Pour s’en prémunir, les enseignants invoquent un autre besoin : « plus de mixité » socialeIls font aussi le même constat : cette mixité n’existe pas, ou si peu, dans les zones où ils sont affectés.
Pauvreté : combien d’enfants concernés ?
Quelque 1,2 million d’enfants et d’adolescents, soit un peu moins de 1 sur 10, sont considérés comme pauvres en France par l’Observatoire des inégalités, qui prend en compte un seuil fixé à 50 % du revenu médian, précise Louis Maurin, son directeur.
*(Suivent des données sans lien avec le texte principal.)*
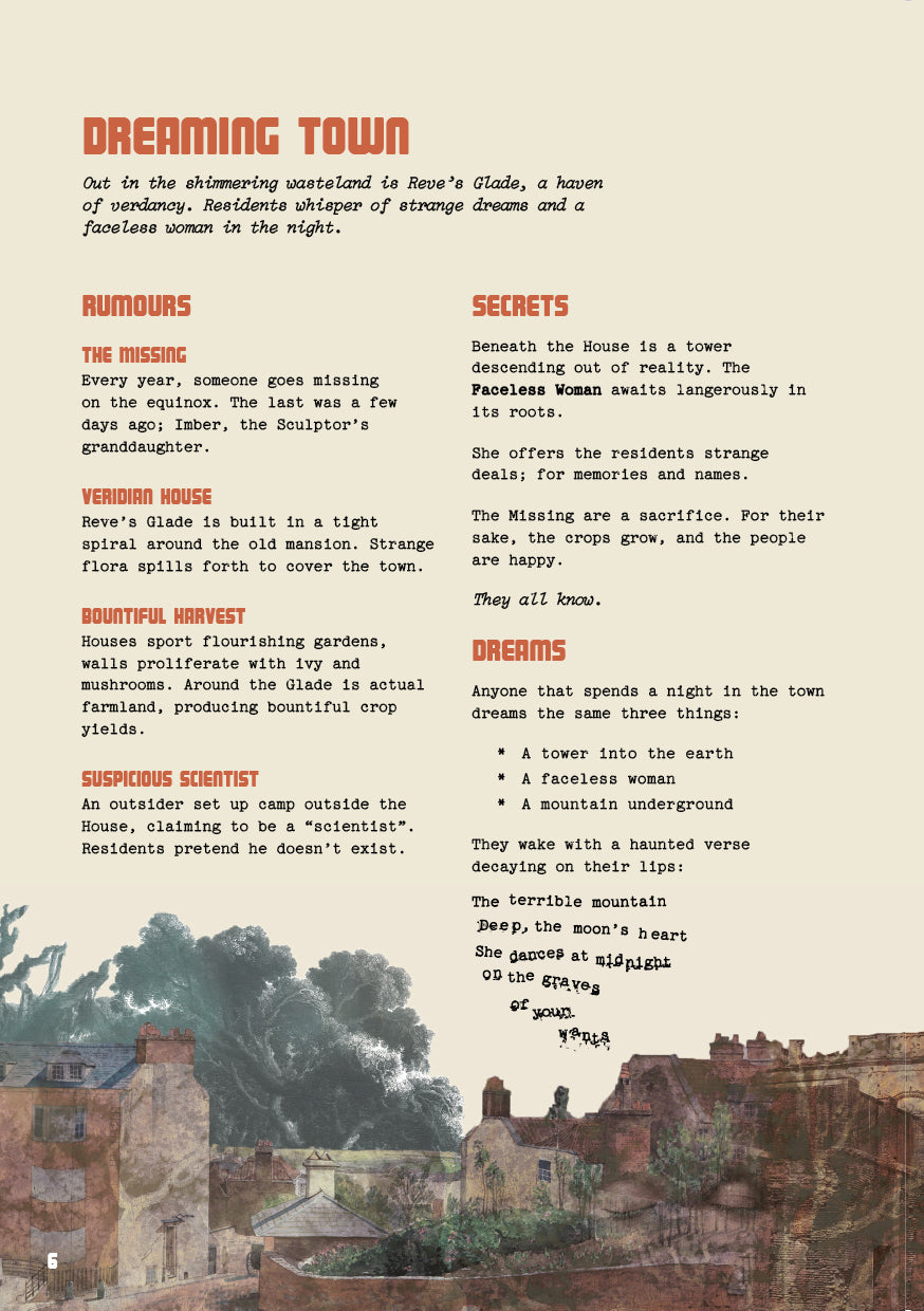 Terrible nightmares plague the residents of Reve’s Glade. People go missing on the full moon, virulent fauna spreads over the town, and a strange wind howls from the derelict mansion at the town’s heart. Enter the overgrown halls of Viridian House, uncover its secrets, and descend past the thresholds of reality to the Mountain Underground.

L’Insee, qui se fonde sur le seuil d’usage de 60 % du niveau de vie médian, chiffre, pour sa part, à 2,8 millions le nombre d’enfants vivant dans des ménages dont le niveau de vie est inférieur à 1 008 euros par mois.
Enfants pauvres ? Enfants « de » pauvres, préfère dire M. Maurin, sociologue, pour qui la première expression est « trompeuse » : « Elle cache, dit-il, la pauvreté des parents liée au chômage, aux bas salaires, au morcellement des temps de travail… » La structure familiale joue aussi : un tiers des enfants concernés vit dans une famille monoparentale.
Parmi ce 1,2 million d’enfants chiffré par l’Observatoire des inégalités, un peu plus de 400 000 ont moins de 6 ans ; 340 000 ont entre 6 et 11 ans ; et 480 000 sont des adolescents. Le nombre de jeunes en très grande précarité n’est pas connu, mais, selon l’Insee, 30 000 enfants vivent avec un parent qui n’a pas de domicile, utilisant les services d’hébergement d’urgence.
L’évolution est alarmante : le nombre de mineurs dont les parents disposent de ressources inférieures au seuil de pauvreté a augmenté de 400 000 depuis 2004 (+ 37 %) et de 200 000 (+16 %) depuis 2008, selon les calculs de l’Observatoire des inégalités.